Boston Acoustics
- Type: Subsidiary
- Industry: Audio
- Founded: 1979; 47 years ago
- Headquarters: Woburn, Massachusetts
- Key people: Moses Gabbay (CEO)
- Products: Loudspeakers
- Parent: Sound United
- Website: www.bostonacoustics.com

= Boston Acoustics =

American audio equipment manufacturer

Boston Acoustics was an American manufacturer of home and mobile audio equipment founded in 1979. The company produced speakers for home, custom/architectural, and car audio.

==History==
Advent veterans Andy Kotsatos and Frank Reed founded the company in 1979. Andy Kotsatos was known as Andy Petite. His grandfather immigrated to the United States and worked as a waiter in a French restaurant. Because of his small stature, the rest of the staff named him Le Petit: French for small. Eventually bending to the social pressure to Americanize, he changed his name from Kostatsos to Petite. After founding Boston Acoustics and achieving success with the company, Petite changed his name back to Kotsatos.

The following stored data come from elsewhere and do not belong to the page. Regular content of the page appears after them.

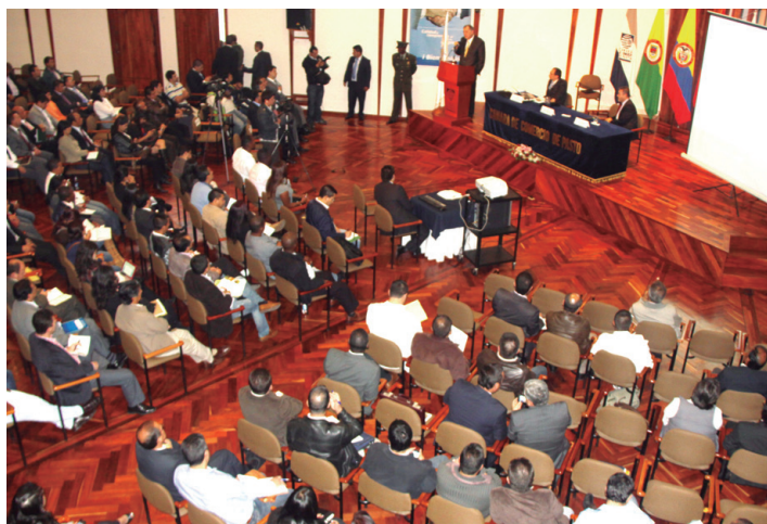
En 2012 los resultados del IGA fueron socializados en Bogotá y en los departamentos de Boyacá, Caquetá y Valle del Cauca.
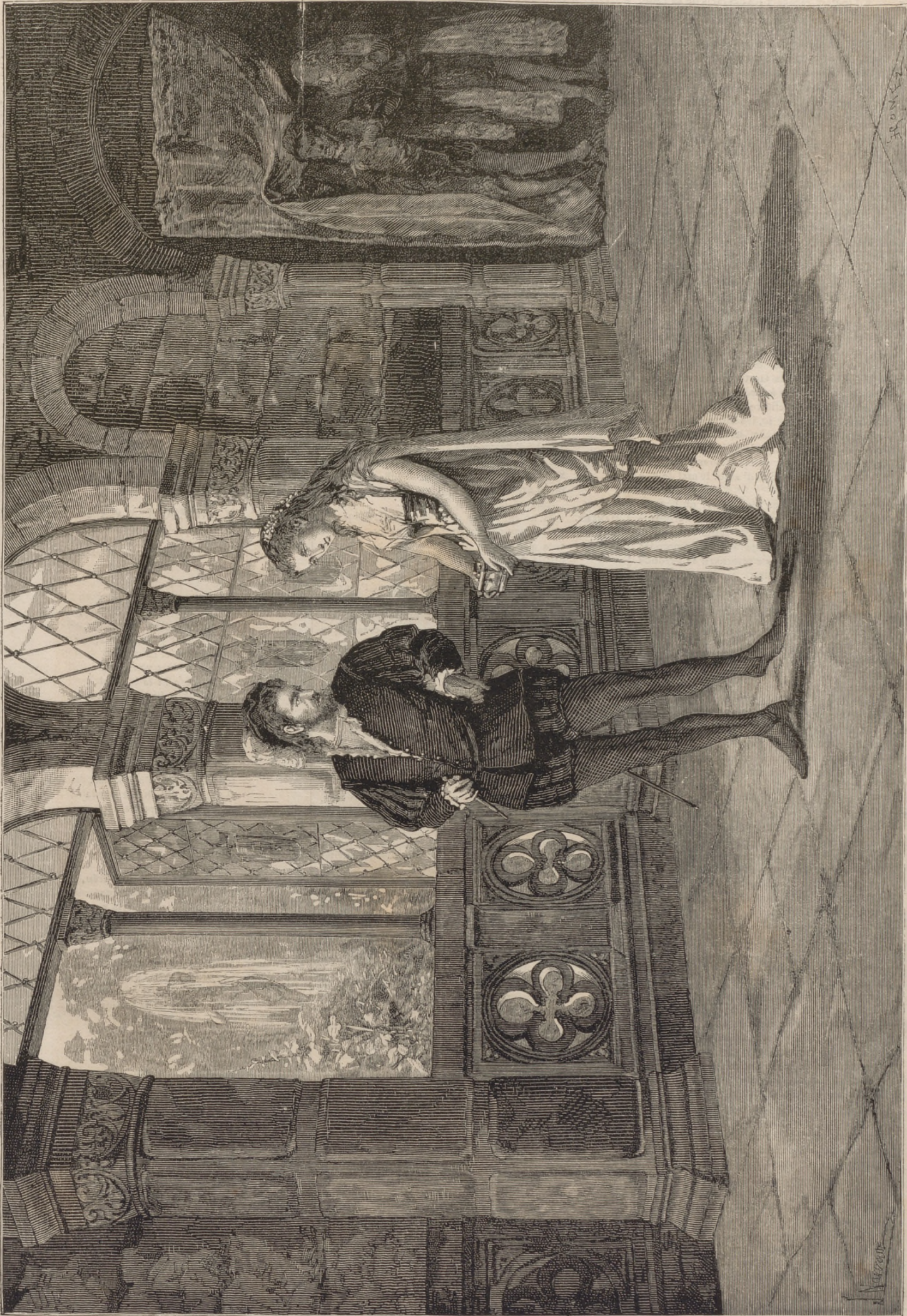
DIBUIX DE J. NARVAEZ
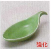
122-5-554 ヒフスプーン型小付 610円 12×4.8×3cm 300入 12005551
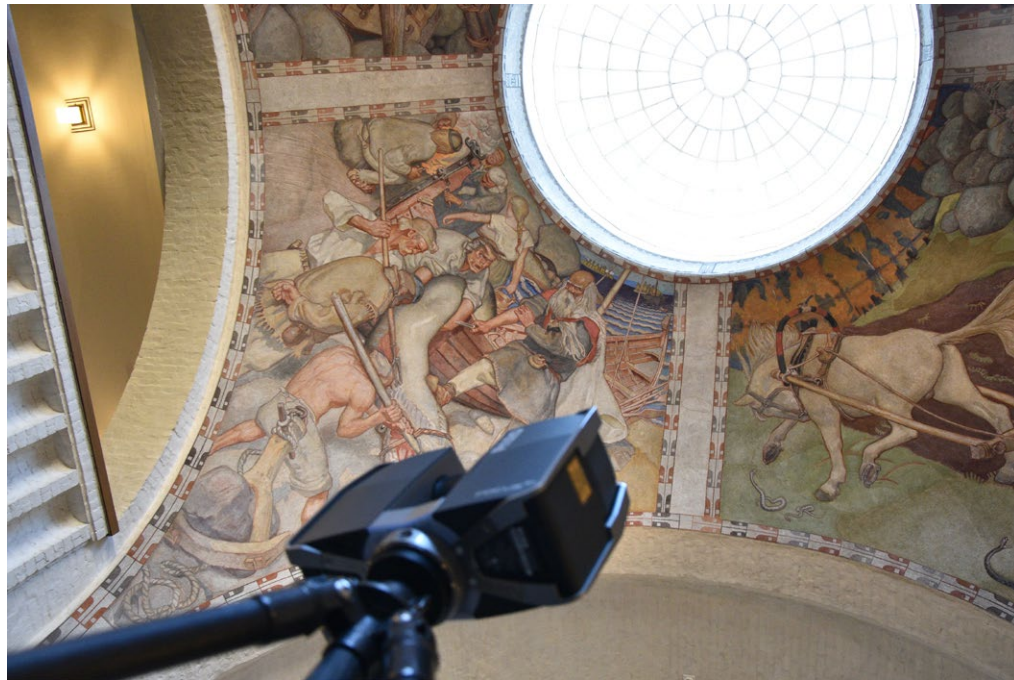
3D-kulttuurihubi toimii yhdistävänä kokeilualustana tuottaen lisäarvoa palveluiden kautta.

The first Boston Acoustics speaker was called the A-100: a floor standing, very wide speaker, designed to minimize diffraction despite its very narrow depth. It was followed by the A150 floor standing speaker, and the A-70. Boston Acoustics marketed these speakers to audio specialty retailers and became highly respected for producing premium quality sound at very reasonable prices. The Boston-area retail chain Tweeter was one of the first and largest stores to sell them.

Boston Acoustics entered the mobile audio category in 1983.

Boston produced speakers for home, custom/architectural, and vehicles. They also produced OEM equipment factory-fitted to a variety of cars including Chrysler 300, Chrysler 200, Chrysler PT Cruiser, Chrysler Sebring, Dodge Avenger, Dodge Charger, Dodge Challenger, Dodge Magnum, Dodge Caliber, Jeep Commander, Jeep Grand Cherokee, Jeep Patriot and Jeep Compass vehicles. They also supplied the premium 9-speaker system in the 2010 Chevrolet Camaro.

Boston Acoustics produced home loudspeakers such as the E, HD, VR-M, VR, CR, Micro Reference, and Lynnfield Series, and on the mobile side Pro, Z, and SPZ reference component speakers.

In August 2005, D&M Holdings acquired Boston Acoustics. In March 2017, Sound United acquired D+M Holdings. In 2022, Masimo acquired Sound United, later selling it to Harman International in September 2025.

As inventory depleted, Sound United (the parent company of Denon, Polk Audio, Marantz, Bowers & Wilkins, Definitive Technology, Heos, Snell Acoustics, Boston Acoustics, and Classe), let Boston Acoustics fade away. Currently, Sound United maintains the brand name, but no engineering is budgeted and there is no future production planned for Boston Acoustics. Their last series included the A25 bookshelf speakers and A360 towers.